» Directions:
Copy out the entire listing below exactly, but without its pictures.
Top of Material to process
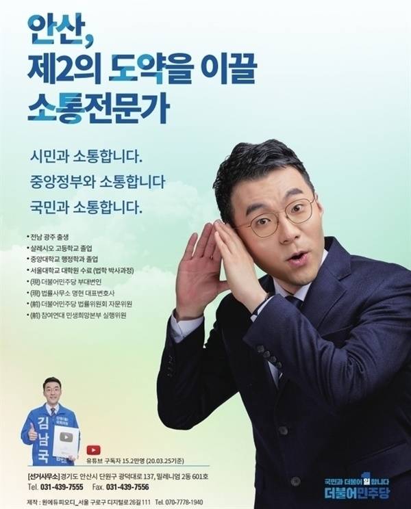 | ▲ 이번 4.15총선에서 당선된 민주당의 김남국 안산 단원을 당선자의 선거 포스터. 학력 기재 공간에 출신 고등학교, 대학교, 박사학위를 받은 대학원 등이 기재되어 있으나, 그의 직업 '변호사'와 직접 관계된 '전남대 로스쿨 (1기)'만은 빠져 있다. |
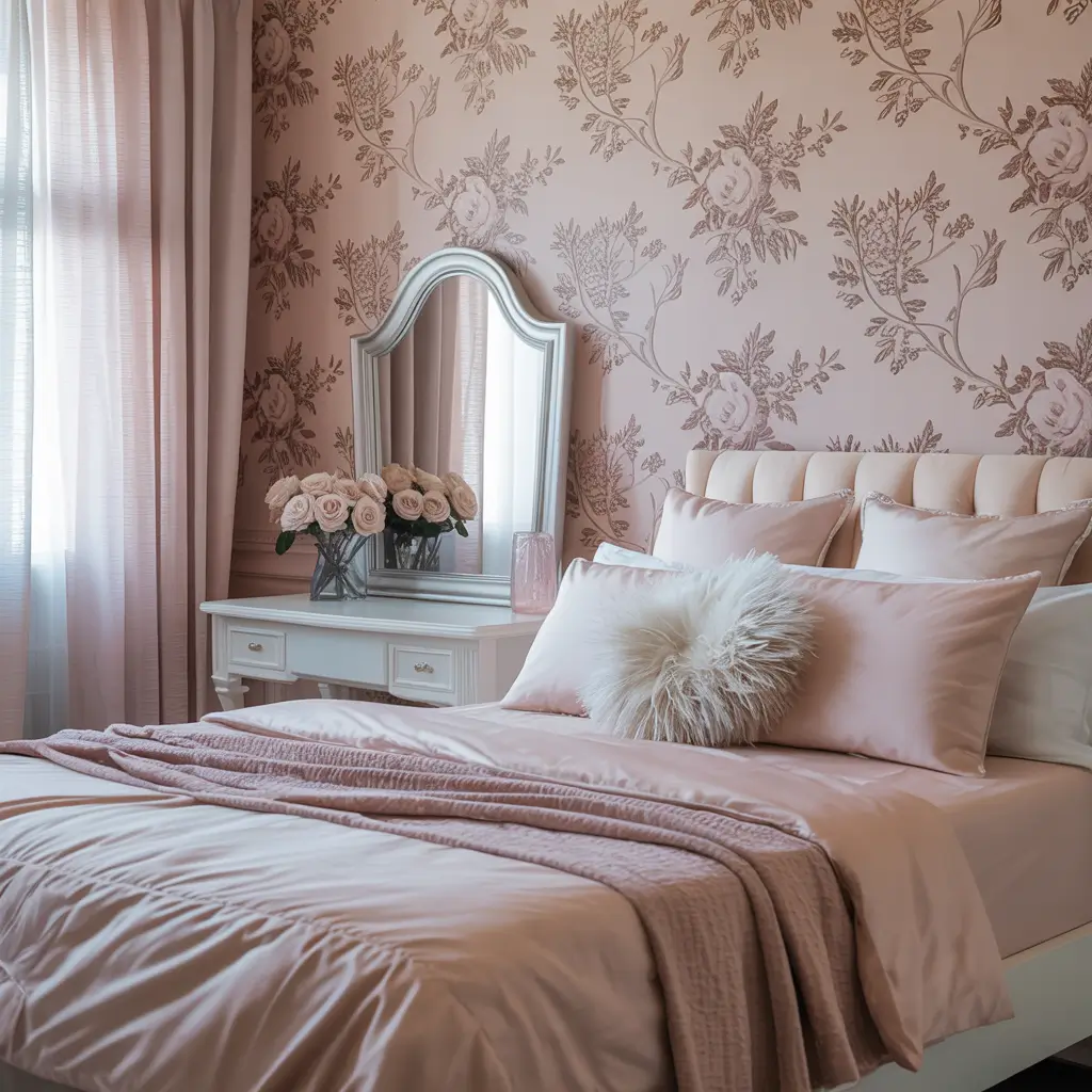 Pink Floral Wallpaper Bedroom
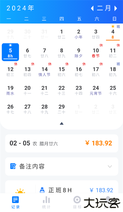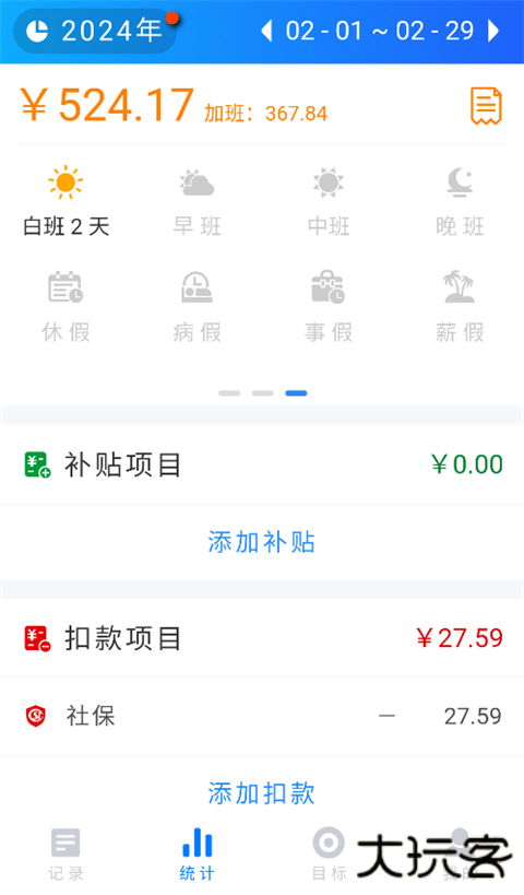 2、每天记录自己的上班日程便会自动将你的正常上班工资和加班工资记录下来。
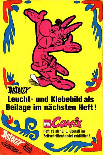 Außerdem als verlagsseitige MV-Beilagen bekannt sind Asterix-Abzeichen und Asterix-Filmankündigungen.
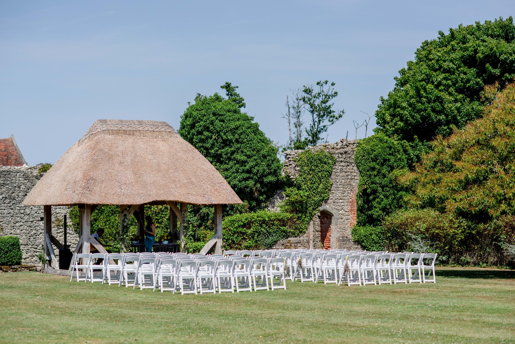 After the ceremony, toast your nuptials in the private bar before feasting on an unforgettable wedding breakfast in the marquee, with its views of the castle ruins and manor house.
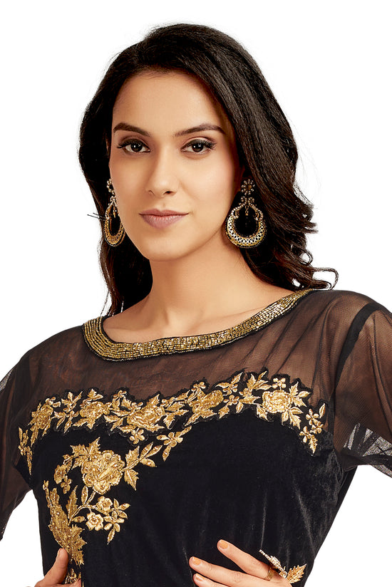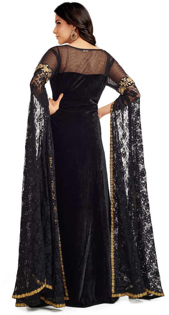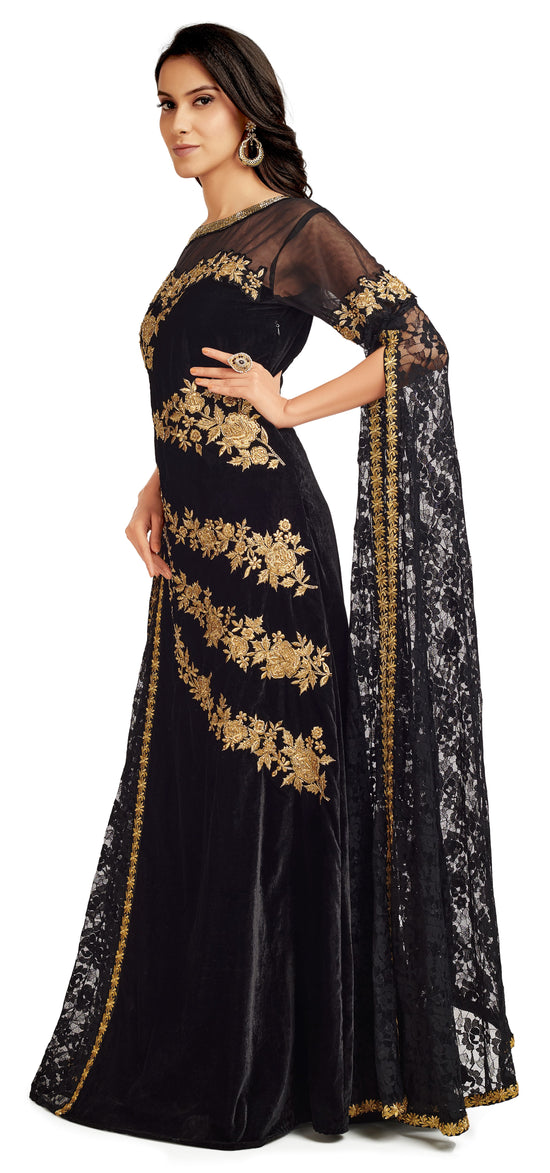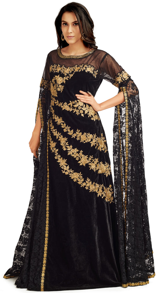 DesignerWear Kaftan Black Velvet Party Gown with Long Sleeve |
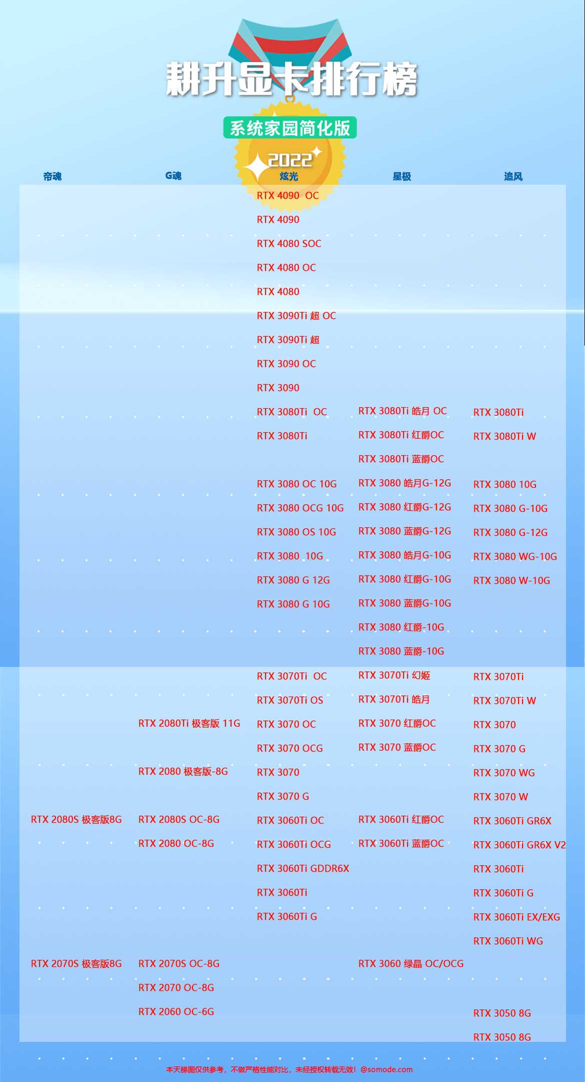 耕升显卡系列天梯图2023(2月)
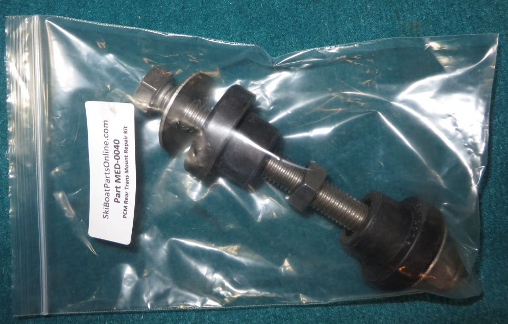 Repair kit for the common rear transmission mount in many of the PCM's, Indmars, Marine Power engine used in Ski Boat applications. If your vertical adjusting bolt is corroded, bushing shot, and /or seized up and will not adjust up/down, you will want to repair your mount (s) with this kit.
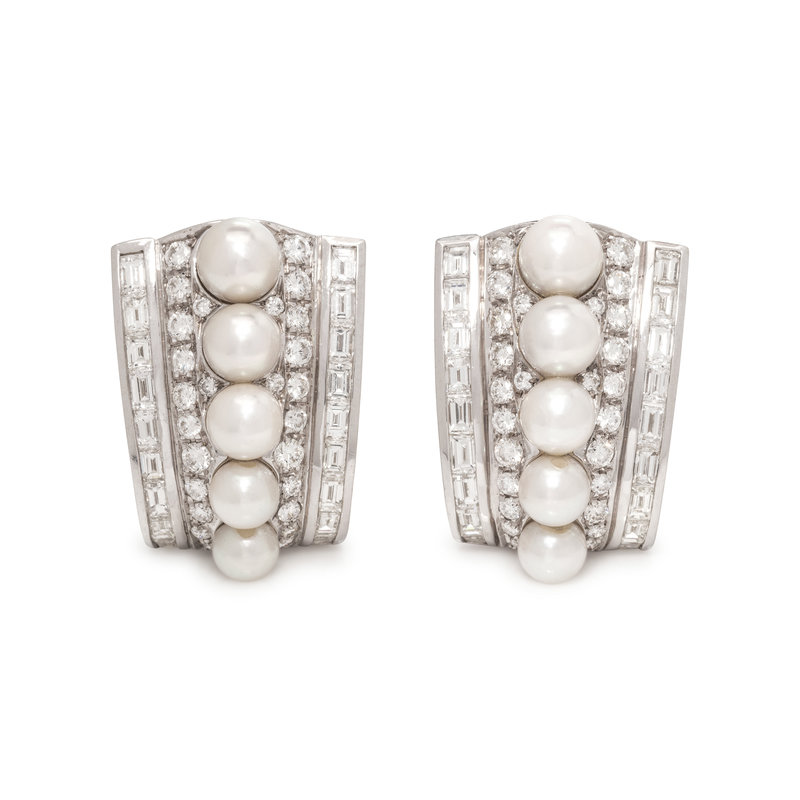 Containing 36 baguette and 62 round brilliant cut diamonds weighing approximately 5.00 carats total and 10 pearls measuring approximately 5.75-6.90 mm in diameter, posts with clip backs. Mounted in white gold. 1 1/8 inches long.
Bottom of Material to process
» Expected answer:
 | ▲ 이번 4.15총선에서 당선된 민주당의 김남국 안산 단원을 당선자의 선거 포스터. 학력 기재 공간에 출신 고등학교, 대학교, 박사학위를 받은 대학원 등이 기재되어 있으나, 그의 직업 '변호사'와 직접 관계된 '전남대 로스쿨 (1기)'만은 빠져 있다. |
 Pink Floral Wallpaper Bedroom
 2、每天记录自己的上班日程便会自动将你的正常上班工资和加班工资记录下来。
 Außerdem als verlagsseitige MV-Beilagen bekannt sind Asterix-Abzeichen und Asterix-Filmankündigungen.
 After the ceremony, toast your nuptials in the private bar before feasting on an unforgettable wedding breakfast in the marquee, with its views of the castle ruins and manor house.
 DesignerWear Kaftan Black Velvet Party Gown with Long Sleeve |
 耕升显卡系列天梯图2023(2月)
 Repair kit for the common rear transmission mount in many of the PCM's, Indmars, Marine Power engine used in Ski Boat applications. If your vertical adjusting bolt is corroded, bushing shot, and /or seized up and will not adjust up/down, you will want to repair your mount (s) with this kit.
 Containing 36 baguette and 62 round brilliant cut diamonds weighing approximately 5.00 carats total and 10 pearls measuring approximately 5.75-6.90 mm in diameter, posts with clip backs. Mounted in white gold. 1 1/8 inches long.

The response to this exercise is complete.